To be honest if off-sale they were cheaper then the competition it may make some difference on whether I return, but still. When im unhappy with my service, or especially if I feel im getting ripped off I tend not to focus on the positive sides of the business in question.


----------



## Bassauguy (Nov 7, 2011)

where is the store? thx.


----------



## JUSTCRAZY (Apr 6, 2004)

If I had a dime for every person or report I have seen about unhappy Buckeye Outdoors customers, I could own my own outdoor store. I have personally never had a good trip there and I know a bunch of others who feel the same way. Bad prices, terrible service, and even bigger attitudes for a poor selection.

But that is just what I think....
Rob


----------



## musikman43155 (May 14, 2008)

I've been into Buckeye Outdoors a few times & felt rubbed the wrong way. The archery tech I spoke with seemed like a snob, because I brought a crossbow in, which was my dad's. Another time about 3 years ago, i asked if they had any inexpensive e glass rods, as I had just bought one from cabelas for $30, but, they power was a little too much for my light cranks. When I asked if they had any " inexpensive " e glass rods, the clerk scoffed & said not for under $100! Well, sorry buddy, not everyone is able or interested in dropping $325 on a G Loomis!
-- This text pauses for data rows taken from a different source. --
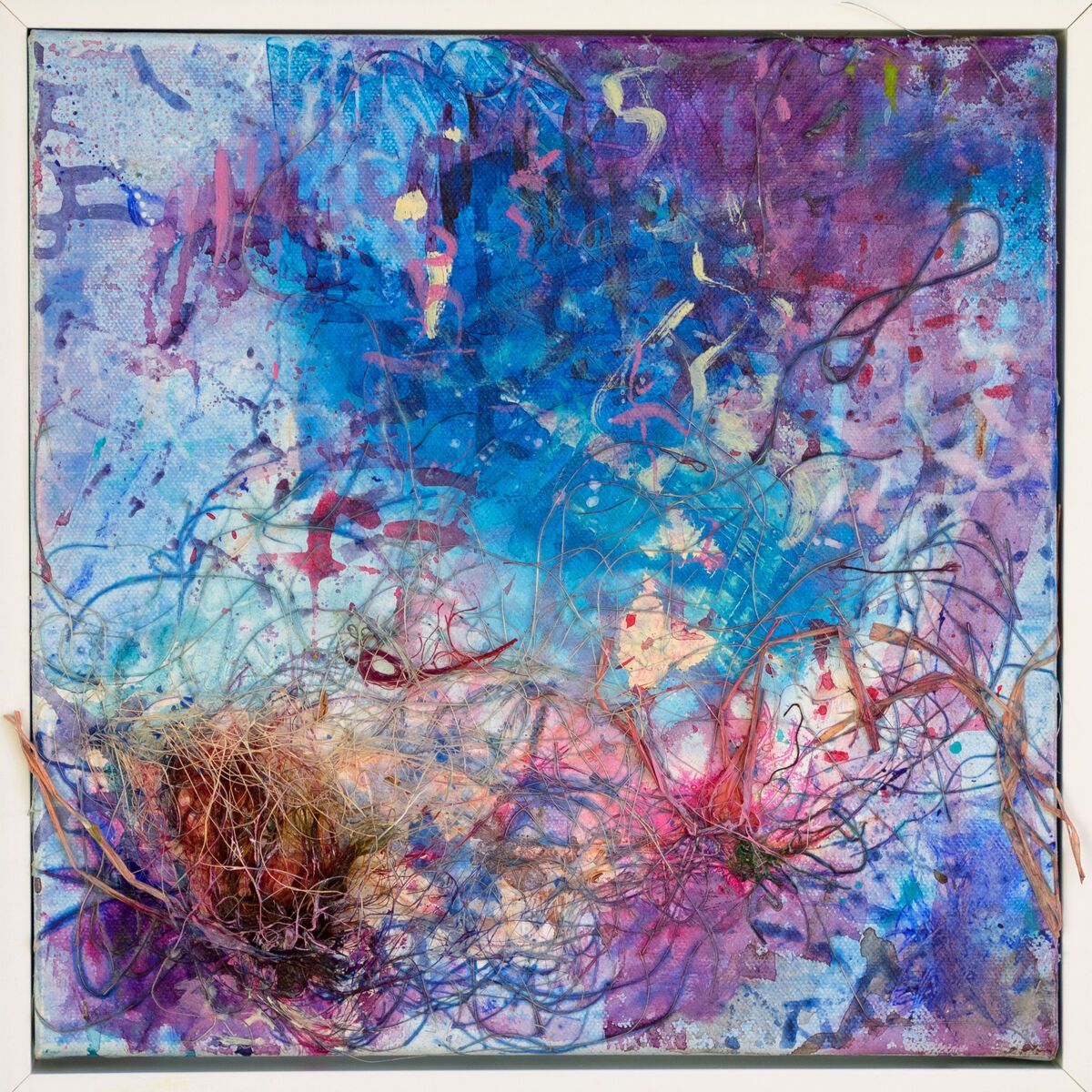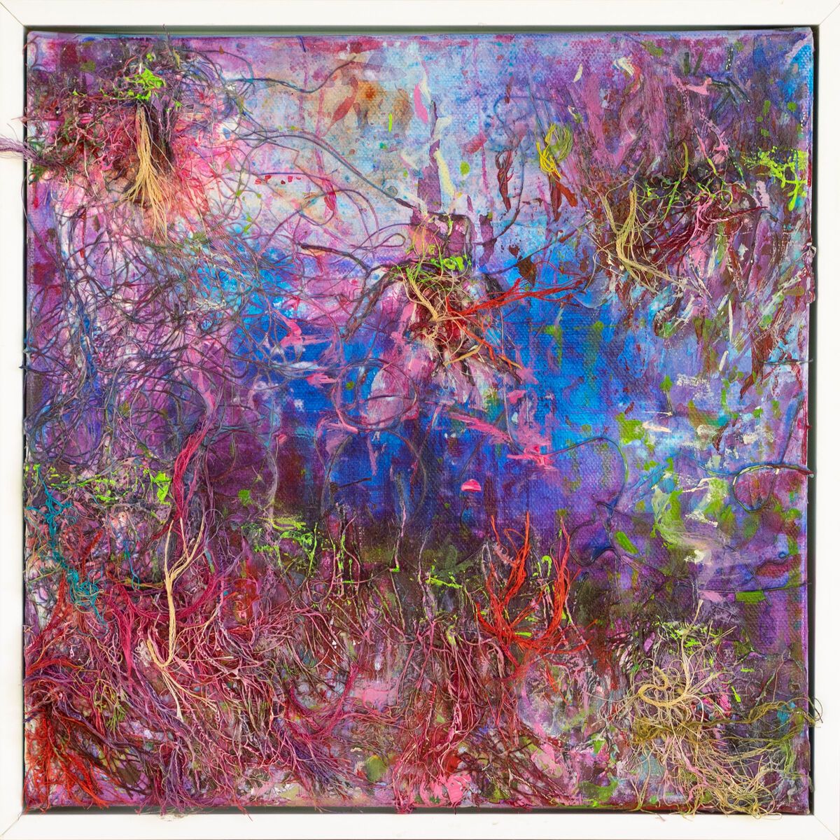 One of set of twelve 30x30 cm acrylic-based mixed-media gallery-wrapped canvases which we have exhibited together and called "The Boardwalk". Seen here framed so slightly bigger. Click on image to see 3 of them in a room setting.
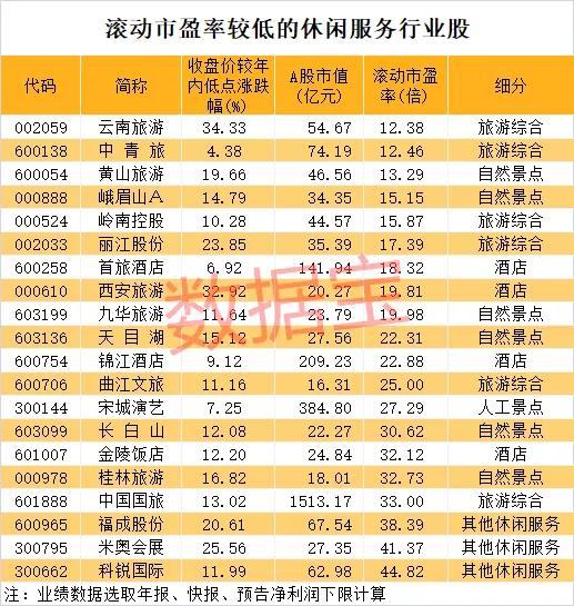 新冠肺炎疫情期间,旅游和餐饮业消费大受影响,休闲服务板块在春节后走势低迷,行业估值也进一步降低。据粗略统计,目前休闲服务行业市盈率为29.54倍,已经处于历史底部区间。行业内有9股滚动市盈率不足20倍,分别包括云南旅游、中青旅、黄山旅游、峨眉山A、岭南控股、丽江股份等。
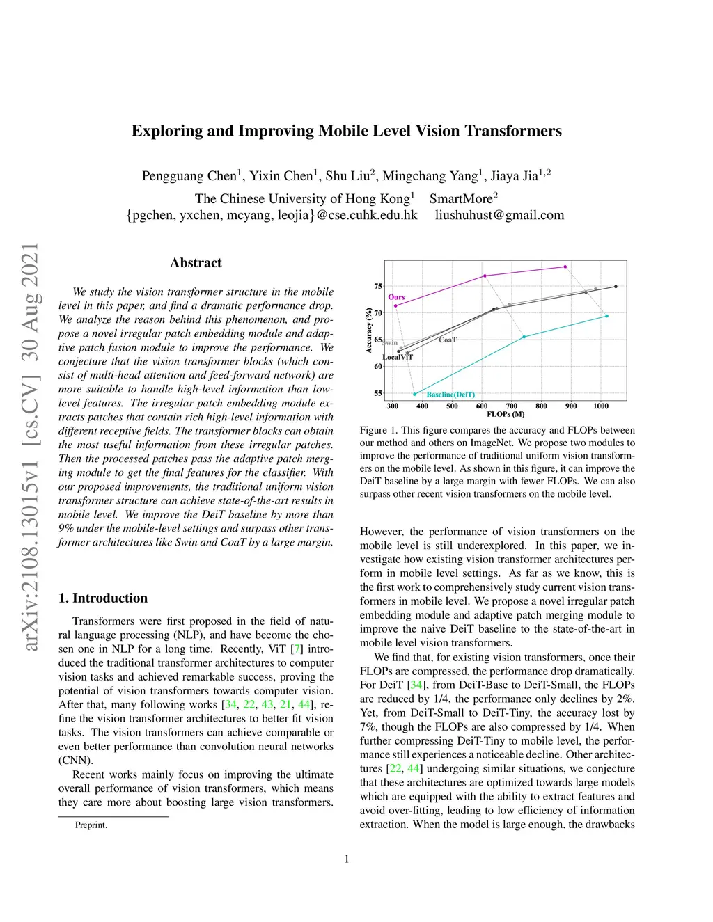 We study the vision transformer structure in the mobile level in this paper, and find a dramatic performance drop. We analyze the reason behind this phenomenon, and propose a novel irregular patch embedding module and adaptive patch fusion module to improve the performance. We conjecture that the vision transformer blocks (which consist of multi-head attention and feed-forward network) are more suitable to handle high-level information than low-level features. The irregular patch embedding module extracts patches that contain rich high-level information with different receptive fields. The transformer blocks can obtain the most useful information from these irregular patches. Then the processed patches pass the adaptive patch merging module to get the final features for the classifier. With our proposed improvements, the traditional uniform vision transformer structure can achieve state-of-the-art results in mobile level. We improve the DeiT baseline by more than 9\% under the mobile-level settings and surpass other transformer architectures like Swin and CoaT by a large margin.

I always use to think that Gander Mountain sucked based on their archery section, but, their fishing section is great! 

I rather just pick stuff off of Tacklewarehouse.com. Plus they have free shipping over $50, even on fishing rods!!


----------



## toboso (Apr 14, 2004)

Buyer beware in all situations. I've been feasting from the bargain bins at Buckeye Outdoors lately (you all stay out! ) and every time I check out I've had to have a few things corrected.

Sale or not, I'm the guy who will check my receipt before signing it (restaurant, dept. store, whatever). I find billing errors are everywhere...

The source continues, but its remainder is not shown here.